Developmentally Disabled Adults
The Florida Guardian Advocate statute can be found in Chapter 393. Unlike formal guardianship proceedings, the court can appoint a guardian advocate without an adjudication of incapacity if the person’s incapacity is limited in nature. Before commencing a guardian advocacy proceeding, an effort should be made to determine if the developmentally disabled person nevertheless possesses testamentary capacity. If so, it may be more effective to prepare powers of attorney and health care surrogacy documents than to go through the process of having a guardian advocate appointed.

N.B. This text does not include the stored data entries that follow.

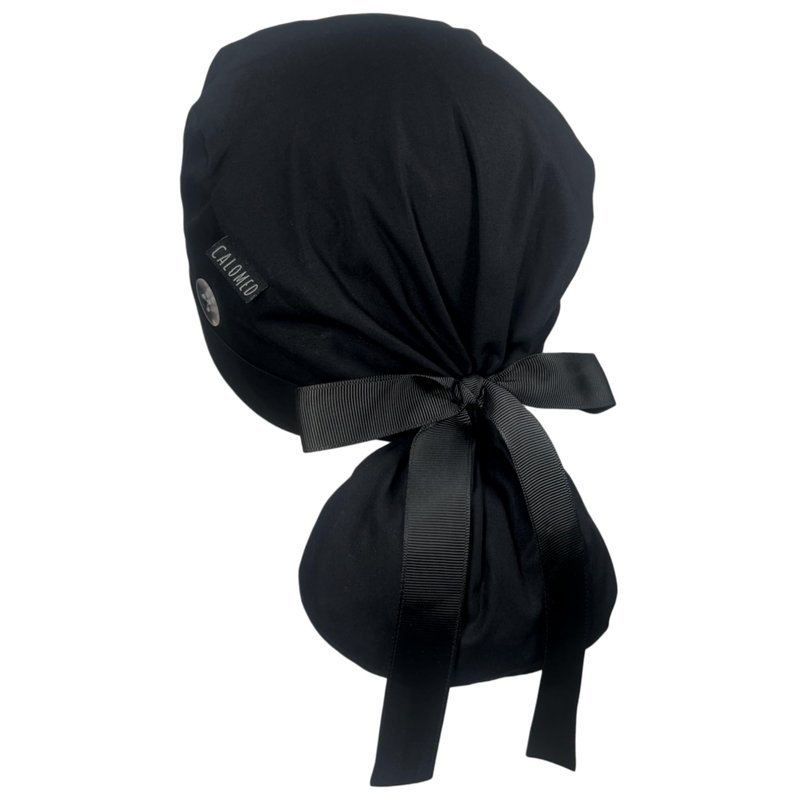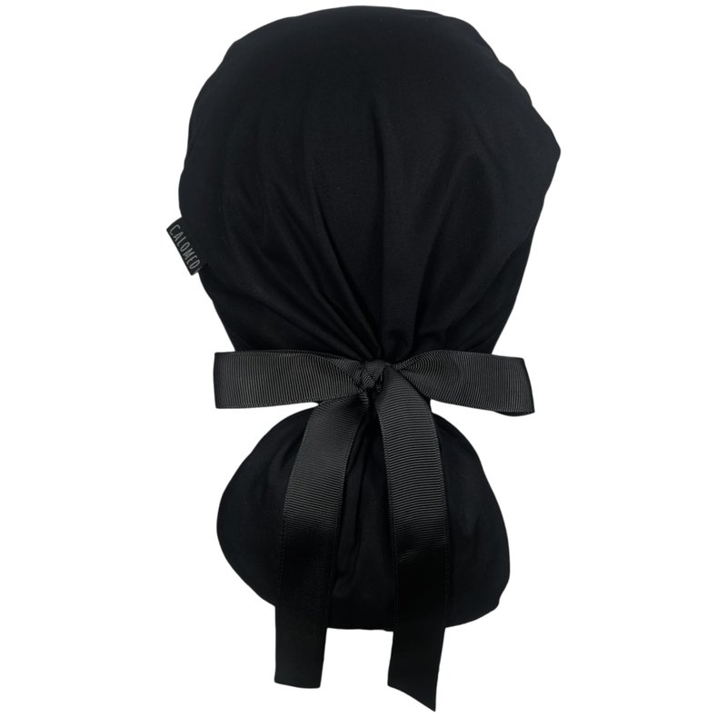CALOMED Scrub Cap for Women and Men, Ponytail Scrub Caps, Working Hat, Head Cover with Ribbon Ties and Buttons, Long Hair (Plain Black)
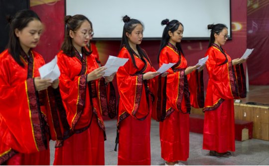 金秋九月,丹桂飘香,中秋佳节之际,华人策略社区官网网址师生在学校北膳堂三楼欢聚一堂,隆重举行以尊师明理、笃志尚学为主题的颇具古风的2018级本科新生入学礼。
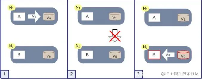 小明在访问节点N1的时候更改了V0到V1,想要小华访问节点N2的V数据库的时候是V1,因此需要等网络故障恢复,将N2节点的数据库进行更新才可以。
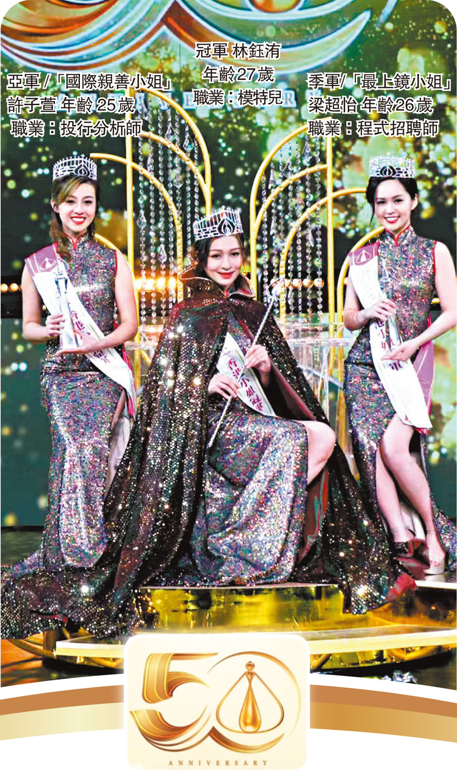 為紀念港姐競選50周年,TVB在節目編排上凸顯追尋夢想是任何年代都需要,起用三梯隊的12位司儀,兩屆《聲夢》新星一齊表演「追夢之旅」, 也請來慧妍雅集一班師姐分享美麗回憶和成功經驗,並對新一屆當選港姐送上祝福。昨晚今屆19位佳麗特別穿上20年前多屆港姐冠軍所穿着過的晚裝,除了是傳承意義外也令人覺得參選港姐佳麗的身材一直都極標準。大會又選擇以往港姐在考智慧的問答環節中曾答過的問題讓今屆參選者重答一次,象徵香港小姐美貌與智慧並重的精神永遠傳承下去。

Final Thoughts and Concerns
Many guardians are parents, children or other close relatives of the disabled person. In becoming guardians, they frequently assume a role they are untrained and unprepared to fill. Furthermore, consideration should be given to an alternative plan should the initial guardian prove unable to fulfill his or her duties. Contingency plans should also be made in the event a guardian is suddenly unable to serve due to accident, illness or even death. Professional guardians can step in under these circumstances, but the best practice is to be ready in advance so as to avoid making a bad situation for a guardian into a worse situation for their ward.